Die Zeichen stehen auf Niedergang. Krisen machen offenbar nicht klüger. Die Bundesregierung setzt weiter auf neoliberale Konzepte.

Das Wachstum schrumpft und der Bundesregierung fällt nicht viel ein: Verladeterminal am Hamburger Hafen. Bild: reuters

D ie deutschen Exporte brechen weg – doch der Regierung fällt nichts ein. Die CSU will die geplante Frauenquote in den Aufsichtsräten verschieben, die CDU reaktiviert ihren obersten Neoliberalen Friedrich Merz, und Wirtschaftsminister Sigmar Gabriel beharrt auf der „schwarzen Null“ im Staatshaushalt.

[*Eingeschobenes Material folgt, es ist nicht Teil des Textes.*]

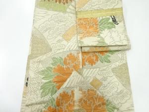 アンティーク 扇に鶴・花模様織出し名古屋帯(材料)
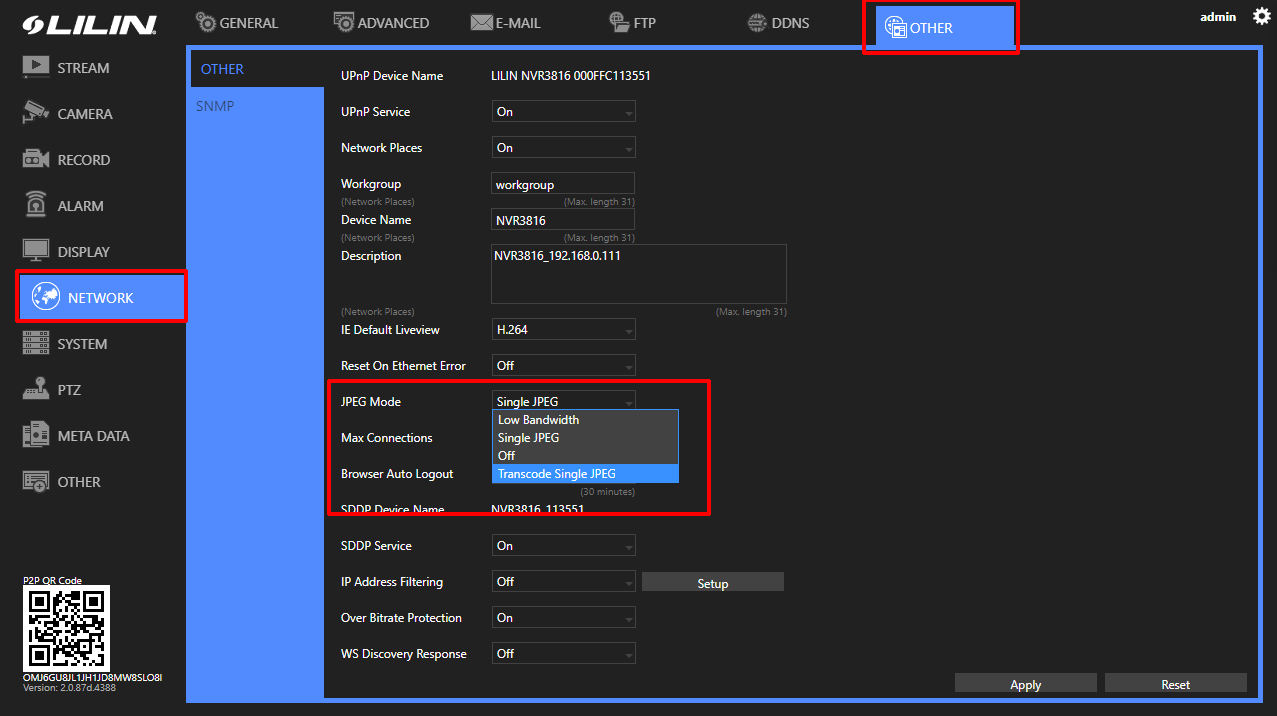 Enabling JPEG transcoding will allow the NVR to create the required JPEG stream and feed this stream to the LILIN Mobile app.

Krisen machen offenbar nicht klüger. Stattdessen wird an der Legende festgehalten, dass es ein „deutsches Erfolgsmodell“ namens „Agenda 2010“ gäbe. Die Regierung hat zwar ihre Wachstumsprognosen zurückgeschraubt, geht aber für nächstes Jahr noch immer von einem Plus von 1,3 Prozent aus. Das wird nichts.

Die Zeichen stehen auf Rezession, denn Deutschland ist dumm genug, seine besten Kunden in die Krise zu treiben. 40 Prozent der deutschen Ausfuhren gehen in die Euroländer, doch die Bundesrepublik weigert sich beharrlich, ein Konjunkturpaket für die Eurozone mitzutragen.

Eine Rezession in Deutschland wird drei Folgen haben. Erstens: Die „schwarze Null“ im Haushalt verflüchtigt sich, weil die Steuereinnahmen wegbrechen. Zweitens: Hektisch wird man jene Konjunkturprogramme auflegen, die jetzt tabu sind. Allerdings ist zu befürchten, dass nicht der Staat die Kredite aufnimmt. Denn es muss bei der Fiktion bleiben, dass die Staatsverschuldung schrumpft. Stattdessen könnte es dubiose Investitionsprojekte geben, von den Versicherungen finanziert, die dann Extraprofite vom Staat kassieren. Genial, nur nicht für die Steuerzahler.

Drittens: Wie in jeder Krise dürften die Unternehmen steuerlich entlastet werden, damit sie investieren. Dieser Ansatz funktioniert zwar nicht, weil Firmen nur expandieren, wenn die Nachfrage stimmt. Aber das ist egal. Es bleibt seltsam: Neoliberale Theoriemodelle haben die Krise ausgelöst – und ausgerechnet sie triumphieren.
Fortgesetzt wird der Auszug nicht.